Instructions to follow :: Would you please return the lines of the entries below starting at the line that has "Vice-Senior General Soe" and ending at the line that has "pro kabelovku, stojí", both included, exactly as they are?
Record excerpts Block Start
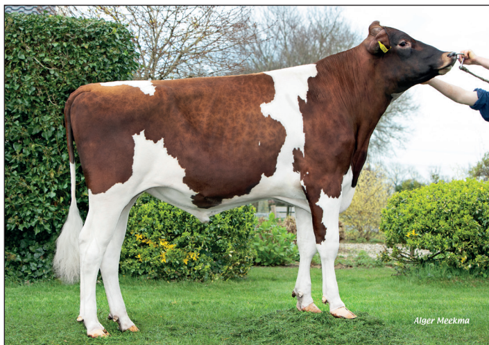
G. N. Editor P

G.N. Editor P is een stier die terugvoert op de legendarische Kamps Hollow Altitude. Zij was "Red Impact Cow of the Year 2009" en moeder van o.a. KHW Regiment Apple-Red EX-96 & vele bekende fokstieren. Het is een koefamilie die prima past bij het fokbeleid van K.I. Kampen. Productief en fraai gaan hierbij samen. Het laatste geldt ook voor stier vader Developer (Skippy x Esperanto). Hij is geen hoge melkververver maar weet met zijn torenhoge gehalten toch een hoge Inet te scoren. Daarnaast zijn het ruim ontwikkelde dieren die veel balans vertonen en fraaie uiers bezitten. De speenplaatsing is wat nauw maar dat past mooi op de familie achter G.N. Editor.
Record excerpts Block End
Record excerpts Block Start
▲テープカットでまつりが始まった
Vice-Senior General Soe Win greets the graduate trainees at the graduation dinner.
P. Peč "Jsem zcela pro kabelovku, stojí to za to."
Record excerpts Block End
Record excerpts Block Start
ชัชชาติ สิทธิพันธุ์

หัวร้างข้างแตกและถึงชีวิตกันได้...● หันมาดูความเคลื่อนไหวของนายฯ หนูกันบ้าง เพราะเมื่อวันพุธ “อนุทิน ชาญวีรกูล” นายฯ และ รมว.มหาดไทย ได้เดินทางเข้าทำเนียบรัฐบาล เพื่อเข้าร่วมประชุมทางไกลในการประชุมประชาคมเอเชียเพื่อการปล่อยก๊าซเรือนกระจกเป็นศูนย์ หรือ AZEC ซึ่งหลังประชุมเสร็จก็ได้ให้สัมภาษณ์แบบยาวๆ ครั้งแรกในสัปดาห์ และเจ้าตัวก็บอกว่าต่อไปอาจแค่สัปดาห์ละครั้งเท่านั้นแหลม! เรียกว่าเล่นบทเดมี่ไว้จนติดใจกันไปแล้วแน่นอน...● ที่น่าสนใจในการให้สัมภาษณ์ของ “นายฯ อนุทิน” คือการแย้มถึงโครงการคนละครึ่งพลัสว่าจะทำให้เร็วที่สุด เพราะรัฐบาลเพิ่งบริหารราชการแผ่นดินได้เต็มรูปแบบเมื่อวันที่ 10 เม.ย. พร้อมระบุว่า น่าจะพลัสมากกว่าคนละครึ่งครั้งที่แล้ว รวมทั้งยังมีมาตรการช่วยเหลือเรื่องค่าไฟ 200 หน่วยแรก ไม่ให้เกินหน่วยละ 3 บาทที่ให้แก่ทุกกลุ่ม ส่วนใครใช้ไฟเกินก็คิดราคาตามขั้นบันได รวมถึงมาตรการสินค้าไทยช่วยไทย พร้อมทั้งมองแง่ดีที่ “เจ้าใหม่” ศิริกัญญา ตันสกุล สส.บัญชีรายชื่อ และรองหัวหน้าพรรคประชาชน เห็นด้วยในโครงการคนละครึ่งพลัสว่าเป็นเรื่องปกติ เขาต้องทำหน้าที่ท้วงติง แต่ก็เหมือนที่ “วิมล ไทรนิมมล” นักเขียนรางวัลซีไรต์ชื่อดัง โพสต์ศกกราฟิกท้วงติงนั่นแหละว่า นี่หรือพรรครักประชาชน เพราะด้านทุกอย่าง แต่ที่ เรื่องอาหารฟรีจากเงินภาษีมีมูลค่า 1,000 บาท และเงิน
Record excerpts Block End
Solved problem ::
Vice-Senior General Soe Win greets the graduate trainees at the graduation dinner.
P. Peč "Jsem zcela pro kabelovku, stojí to za to."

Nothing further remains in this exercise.